Er is bepaald geen sprake geweest van eenrichtingsverkeer: de Europese kolonisten kwamen op het Noord-Amerikaanse continent in aanraking met een groot aantal tot dan onbekende zaken, vooral onbekende dieren en onbekende planten, en daarvan hebben zij meestal de indiaanse naam overgenomen. De aanraking met de Nieuwe Wereld had diepgaande invloed op de levenswijze van zowel de bewoners van Noord-Amerika als die van Europa. Beide continenten leerden nieuwe nuttige planten, dieren en voedingsmiddelen kennen. Zo werden vanuit Noord- en Zuid-Amerika de aardappel, ananas, cacao, chocolade, maïs en tomaat in Europa geïntroduceerd, die er op termijn verantwoordelijk voor waren dat het voedingspatroon van de Europese bevolking ingrijpend veranderde. Maar ook genotsmiddelen werden uitgewisseld: tabak kwam naar Europa en sterkedrank vloeide terug naar Amerika.

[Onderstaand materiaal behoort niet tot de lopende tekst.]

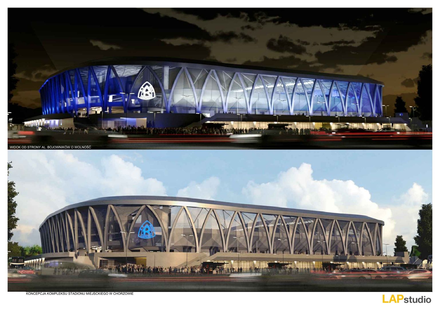 Realizacja kolejnych etapów budowy stadionu zakłada w pierwszej kolejności powstanie trybuny od strony Alei Bojowników o Wolność i Demokrację, gdzie znajdzie się główne wejście oraz przestrzenie komercyjne pod wynajem, a przyległy plac posłuży organizacji imprez masowych lub lodowiska. W finałowej fazie inwestycji przewidziano budowę trybuny wzdłuż boiska na 8 tysięcy miejsc oraz ostatniego sektora za bramką od strony hali sportowej, co domknie bryłę obiektu. Nowoczesny stadion, spełniający wymogi III kategorii UEFA, zostanie wyposażony w przeszklony dach z zintegrowanym oświetleniem, a jego ażurowa, podświetlana fasada nawiąże kształtem do herbu Ruchu Chorzów. Całość uzupełni bogate zaplecze użytkowe, w tym muzeum klubu, restauracja, siłownia oraz sala zabaw, umożliwiając organizację rozgrywek na szczeblu krajowym i międzynarodowym.

Het Nederlands gebruikt voor de aanduiding van de nieuwe Amerikaanse producten vaak een leenwoord uit een indianentaal, maar die dateren meestal van na de Nieuw-Nederlandse periode en zijn overgenomen via een andere Europese taal, meestal het Spaans of het Engels. Blijvende sporen hebben de kortstondige contacten met indianentalen, die slechts ruim een halve eeuw duurden, niet in het Nederlands nagelaten. Wel is bijzonder dat de Nederlanders in hun vestigingen één woord – de naam voor een steekmug – overgenomen hebben uit het Munsee Delaware, dat vervolgens via het Nederlands terecht is gekomen in het Amerikaans-Engels en in die taal nog voortleeft: zie punkie in 2.2. Ook de naam van de indianenstam Seneca (zie 2.4) en die van het gerecht sup(p)awn (zie 2.1) heeft het Amerikaans-Engels aan het Nederlands te danken. Tot slot verdient het feit vermelding dat J. Dyneley Prince in 1910 nog ten minste twee leenwoorden uit het Munsee Delaware heeft geïdentificeerd die voorkwamen in het Jersey Dutch dialect, namelijk häspân ‘wasbeer’ en tahääim ‘aardbeien’. Het Jersey Dutch dialect werd op dat moment nog gesproken door afstammelingen van de oorspronkelijke Nederlandse kolonisten in Bergen County, New Jersey. Het moet hier wel gaan om heel oude leenwoorden, want sprekers van het Munsee Delaware waren toen allang weggetrokken uit Bergen County.